Note that D-Bus arrays are automatically transmitted with their length, so there
is no need to null-terminate them or encode their length separately.

[comment]
  FIXME: Mention maybe types and the extended kdbus/GVariant type system once
  that’s stable and round-trip-ability is no longer a concern.

=== Extensibility
    [id="extensibility"]

Some D-Bus APIs have very well-defined use cases, and will never need extension.
Others are used in more loosely coupled systems which may change over time, and
hence should be designed to be extensible from the beginning without the need
to break API in future. This is a trade off between having a more complex API,
and being able to easily extend it in future.

The key tool for extensibility in D-Bus is $code(a{sv}), the dictionary mapping
strings to variants. If well-defined namespaced strings are used as the
dictionary keys, arbitrary D-Bus peers can add whatever information they need
into the dictionary. Any other peer which understands it can query and retrieve
the information; other peers will ignore it.

The canonical example of an extensible API using $code(a{sv}) is
$link[>>http://telepathy.freedesktop.org/spec/](Telepathy). It uses $code(a{sv})
values as the final element in structures to allow them to be extended in
future.

A secondary tool is the use of flag fields in method calls.
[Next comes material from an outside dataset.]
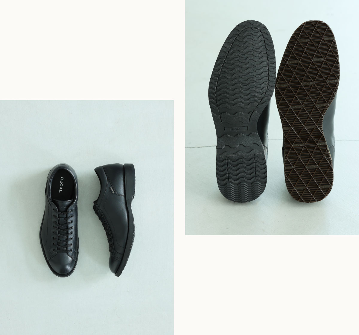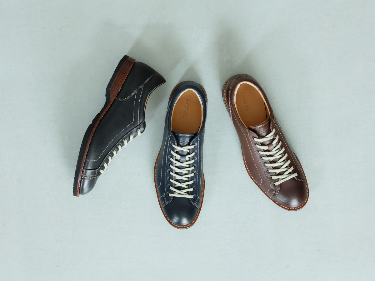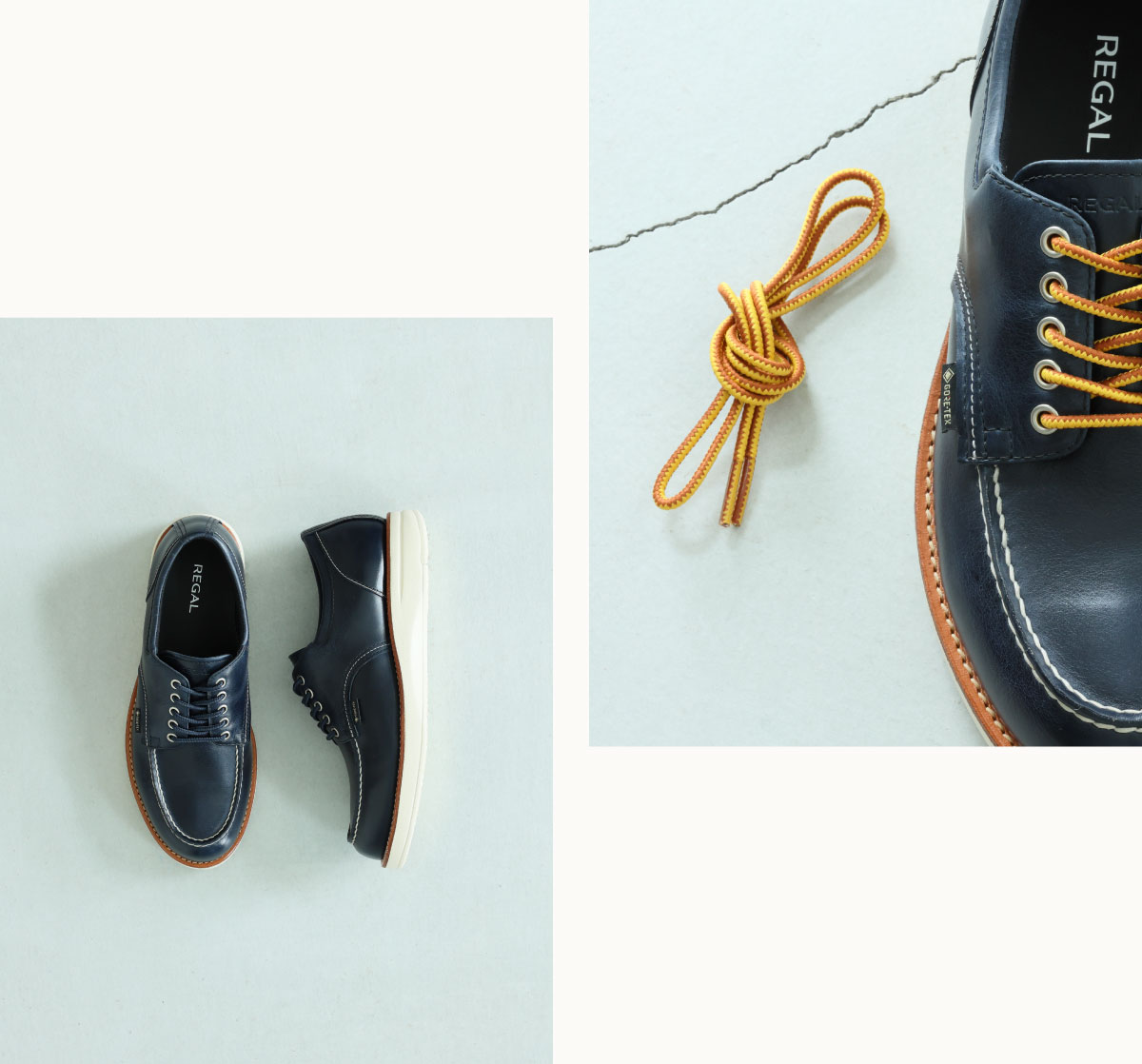 ワークブーツの無骨な雰囲気を残したローカットのモックトウは、タウンユースに最適なすっきりとした表情に仕上げています。自然な艶を生むオイルドレザーや押し縁と呼ばれるテープ状の革は、ワークテイストを上品に格上げするREGALならではの素材選び。

The set of accepted
flags is entirely under the control of the interface designer and, as with
enumerated types, can be extended in future without breaking API. Adding more
flags allows the functionality of the method call to be tweaked.

=== Using Signals, Properties and Errors
    [id="using-the-features"]

D-Bus method calls are explicitly asynchronous due to the latency inherent in
IPC. This means that peers should not block on receiving a reply from a method
call; they should schedule other work (in a main loop) and handle the reply when
it is received. Even though method replies may take a while, the caller is
$em(guaranteed) to receive exactly one reply eventually. This reply could be the
return value from the method, an error from the method, or an error from the
D-Bus daemon indicating the service failed in some way (e.g. due to crashing).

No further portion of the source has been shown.